= Beginning of Section =
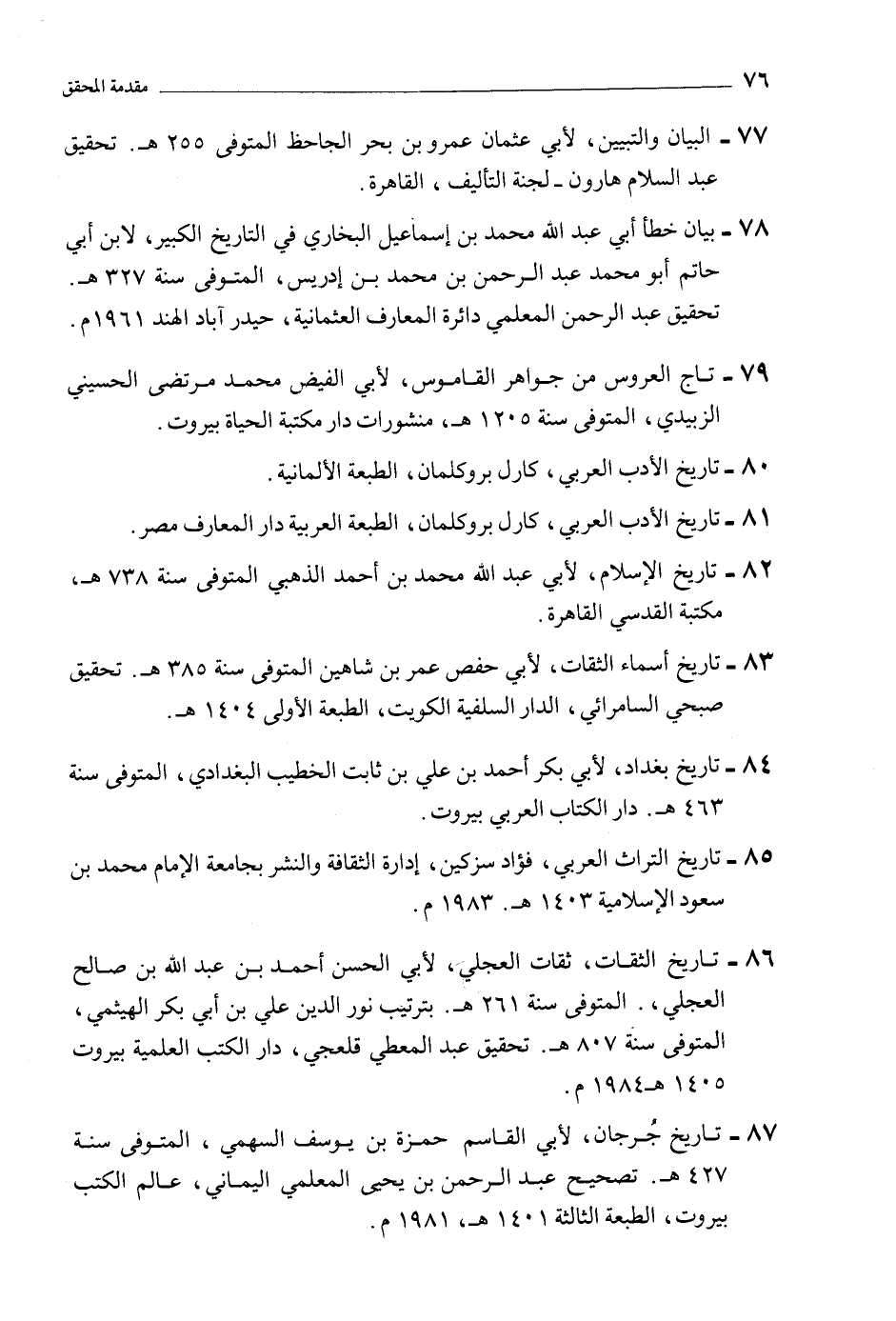 83- تاريخ أسماء الثقات، لأبي حفص عمر بن شاهين المتوفى سنة 385 هـ. تحقيق صبحي السامرائي، الدار السلفية الكويت، الطبعة الأولى 1404 هـ.
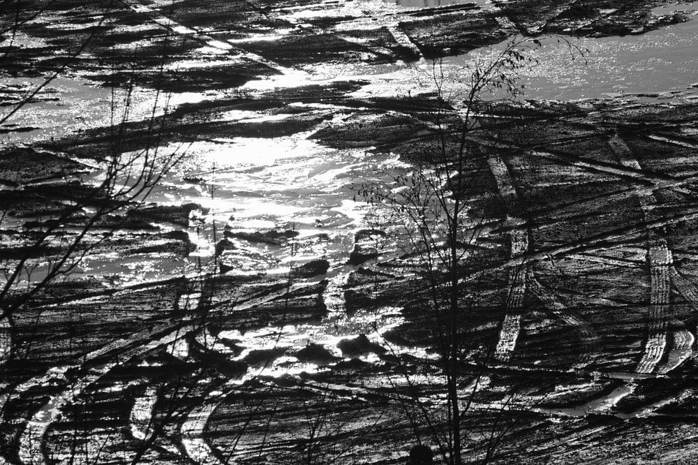 Terrain de chantier boueux en hiver qui est gelé en contre-jour en noir et blanc
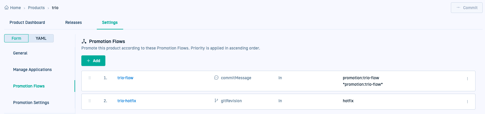 For example,update image tag to v1.1would be a valid commit message. - Defining the priority for each Flow when multiple Flows are configured
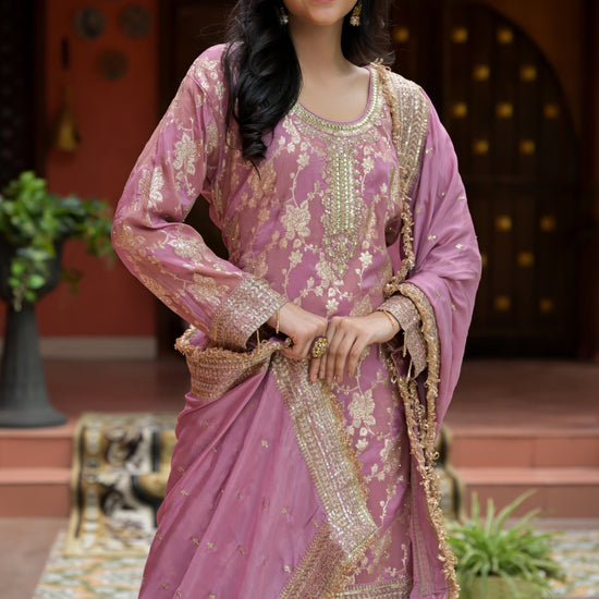 Crafted from Tissue, this ready-made suit features Banarasi Woven Zari, Bead, Cutdana, Dabka, Mirror, Sequence & Zari Threadwork and is perfect for Formal Occasion. Its Heavy design ensures comfort and style. Follow Dry Wash / Dry Clean.
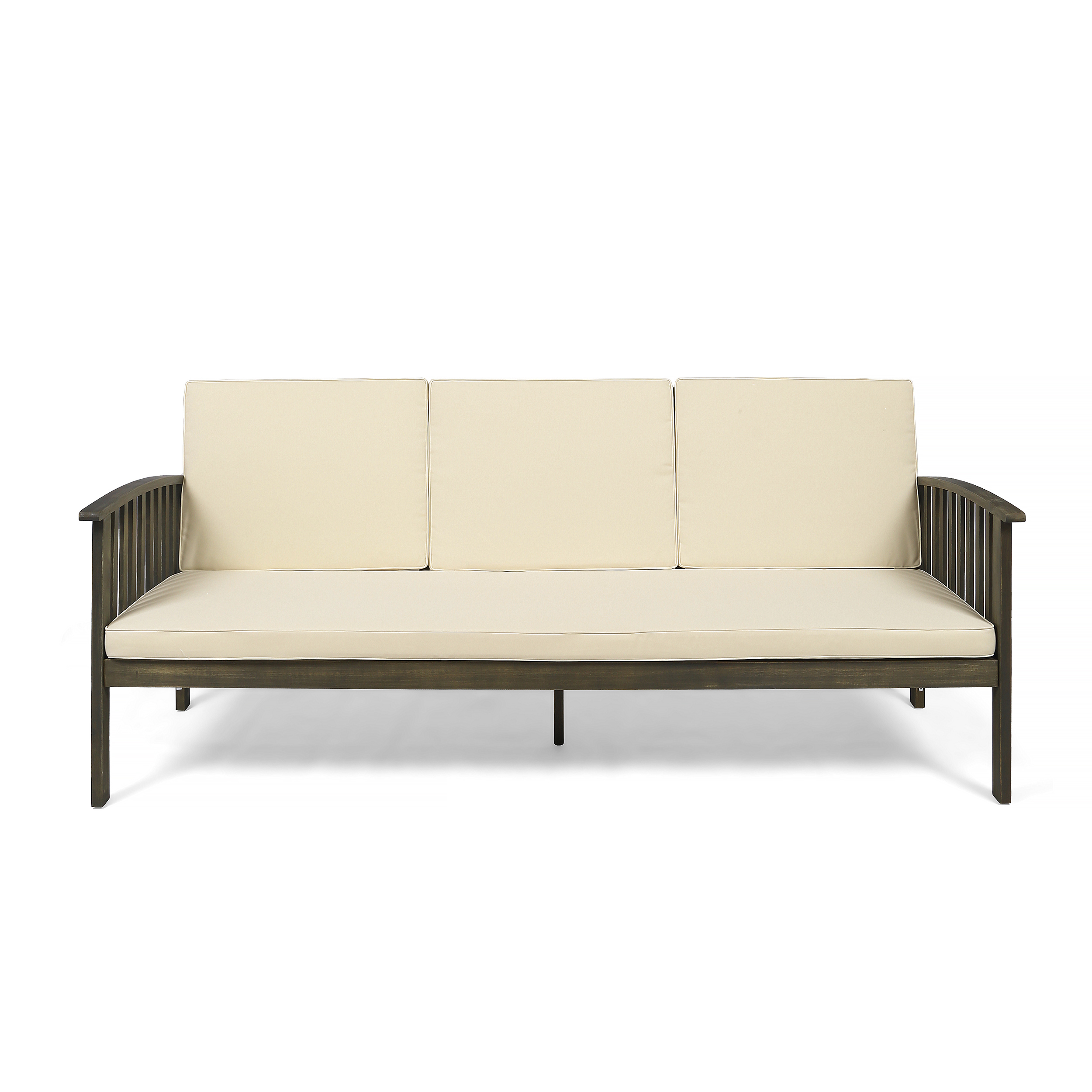 Brendon Outdoor Acacia Wood Sofa with Cushions, Gray, Cream
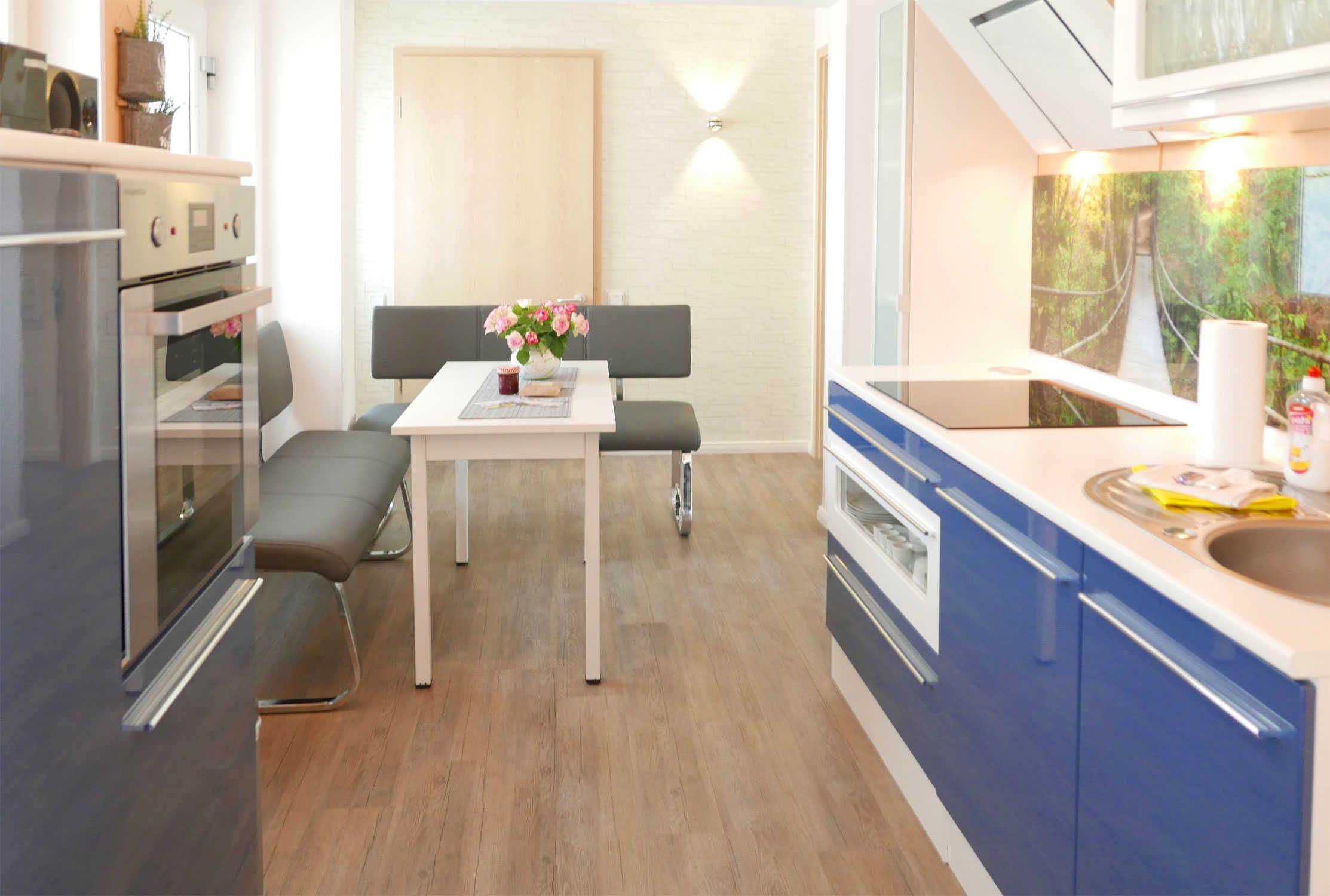 In der Küche befindet sich ein 4-Plattenherd, Backofen, Kühlschrank mit Gefrierfach, Geschirrspülmaschine, Mikrowelle, Kaffeemaschine und ein Toaster. Zudem gibt es einen gemütlichen Sitzbereich.
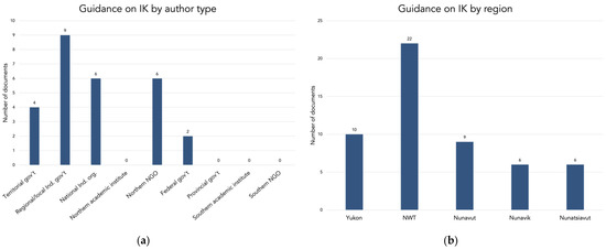 Guidance on Indigenous knowledge: (a) by author type; (b) by region.
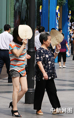 正午時(shí)分,熱浪襲人,路上行人稀少。記者在街頭看到,偶爾經(jīng)過的行人都盡量走在樹蔭下或可遮陽的地方,太陽傘、墨鏡、帽子齊齊上陣,“全副武裝”以減少太陽直射的灼熱感。
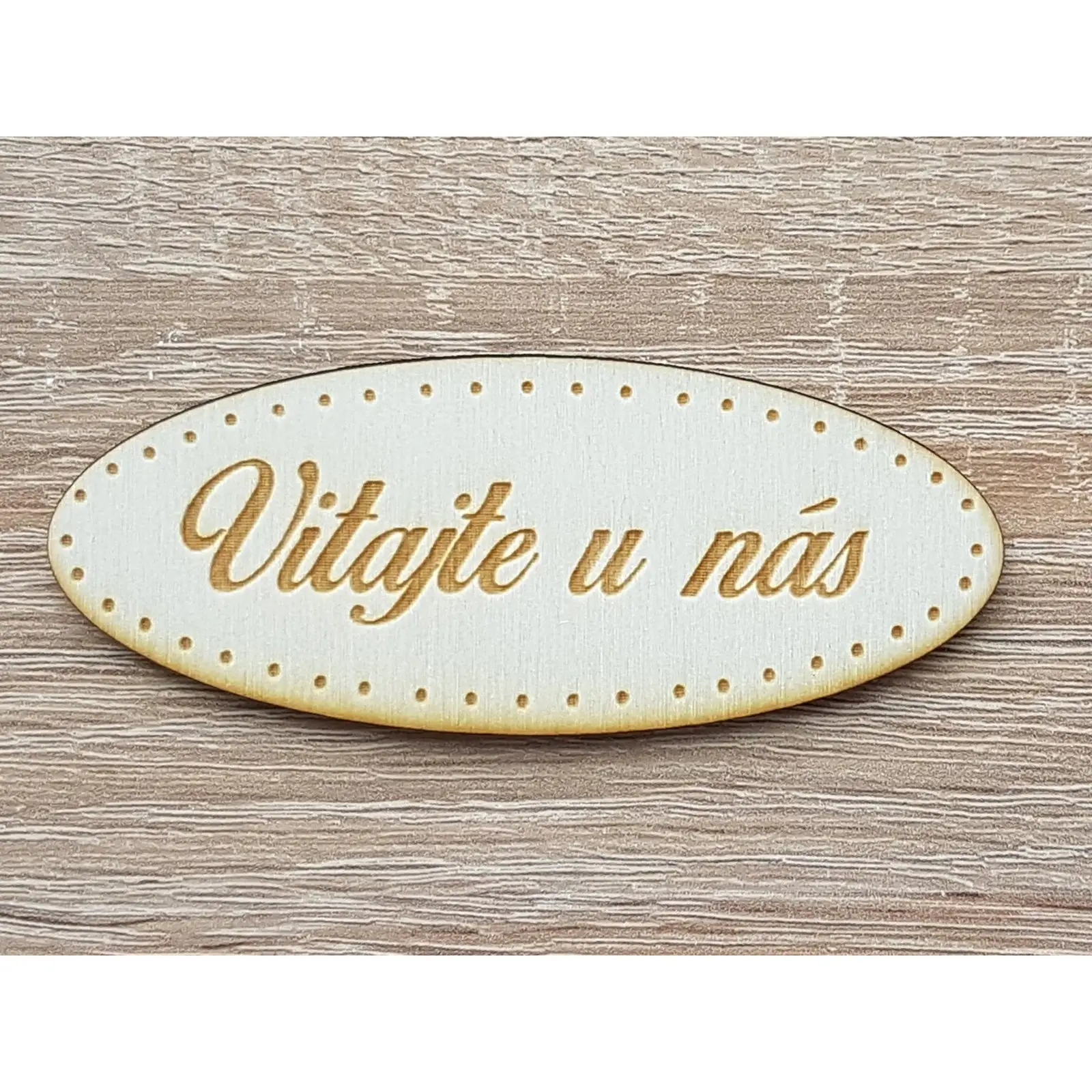 Nápis vitajte u nás na ceduľke rozmer 10x4cm hrúbka 3mm materiál topoľ.
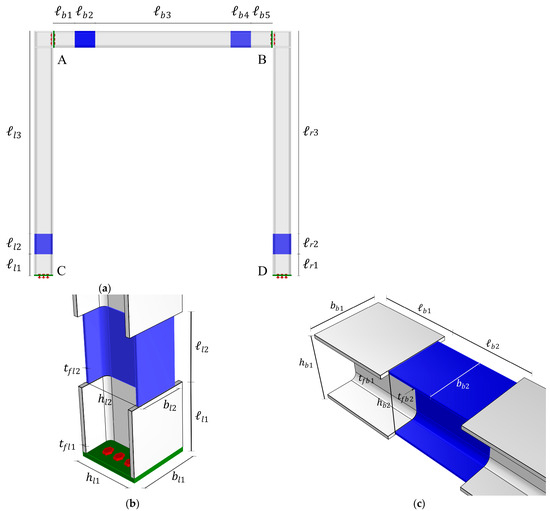 Steel frame (green: plate; red: bolts; blue: reduced section portion): (a) overall view; (b) detail 1, sketch of the beam-column connection; (c) detail 2, sketch of the column base.
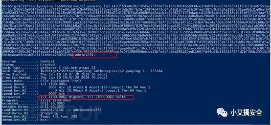 PSC:> hashcat64.exe –m 13100 test1.txt password.list --force可以看到这里已经离线破解成功,输出了 s2 的密码 admin1234!。在这里–m 表示选择不同的加密类型,其中 13100 对应的是 Kerberos 5 TGS-REP 类型的密文。
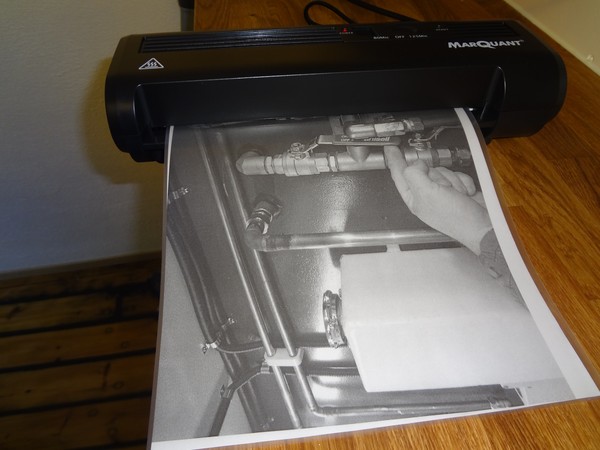 Helena laminerar alla bilderna. Det kommer ta sin tid innan allt är på plats men målet är att ha båtens servicebok klar till sommaren.
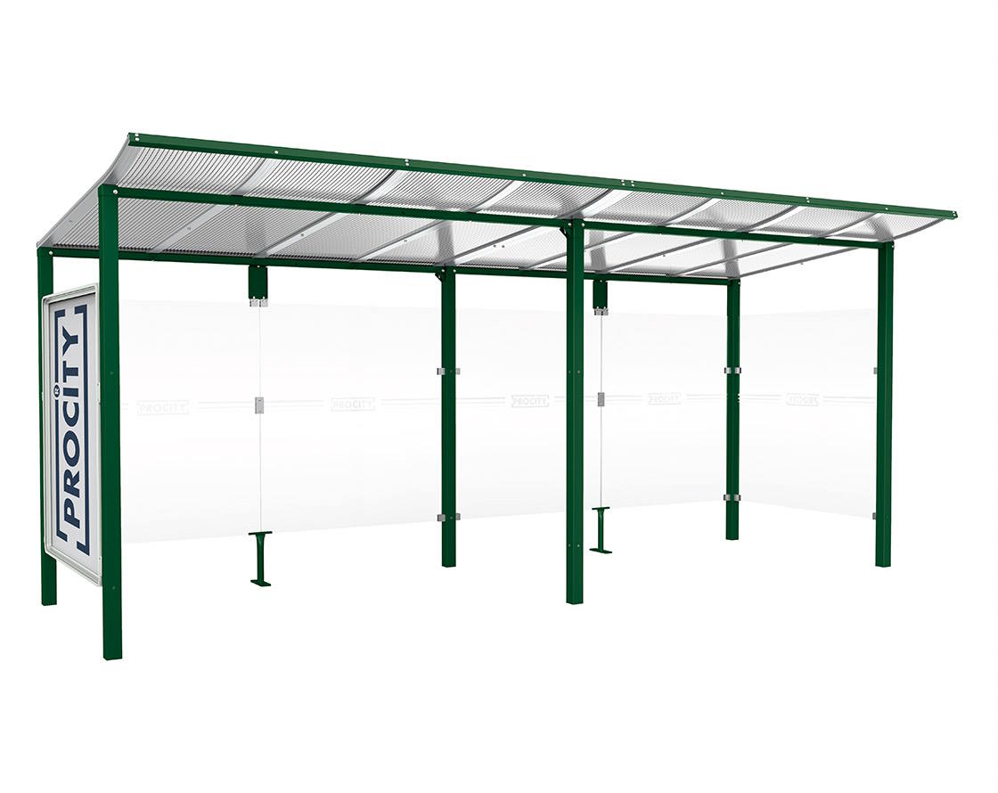 Wartehalle Modulo Farbe:RAL 6005|Länge:5 000 mm|Struktur:Schaukasten und eine Seitenverkleidung|Weitere Merkmale:Zum Einbetonieren
= End of Section =
EXERCISE GOAL:
Copy exactly the lines from the line that contains "Nápis vitajte u" through the last line of the records above, both ends included, but leave out the pictures.

COMPLETED TASK:
 Nápis vitajte u nás na ceduľke rozmer 10x4cm hrúbka 3mm materiál topoľ.
 Steel frame (green: plate; red: bolts; blue: reduced section portion): (a) overall view; (b) detail 1, sketch of the beam-column connection; (c) detail 2, sketch of the column base.
 PSC:> hashcat64.exe –m 13100 test1.txt password.list --force可以看到这里已经离线破解成功,输出了 s2 的密码 admin1234!。在这里–m 表示选择不同的加密类型,其中 13100 对应的是 Kerberos 5 TGS-REP 类型的密文。
 Helena laminerar alla bilderna. Det kommer ta sin tid innan allt är på plats men målet är att ha båtens servicebok klar till sommaren.
 Wartehalle Modulo Farbe:RAL 6005|Länge:5 000 mm|Struktur:Schaukasten und eine Seitenverkleidung|Weitere Merkmale:Zum Einbetonieren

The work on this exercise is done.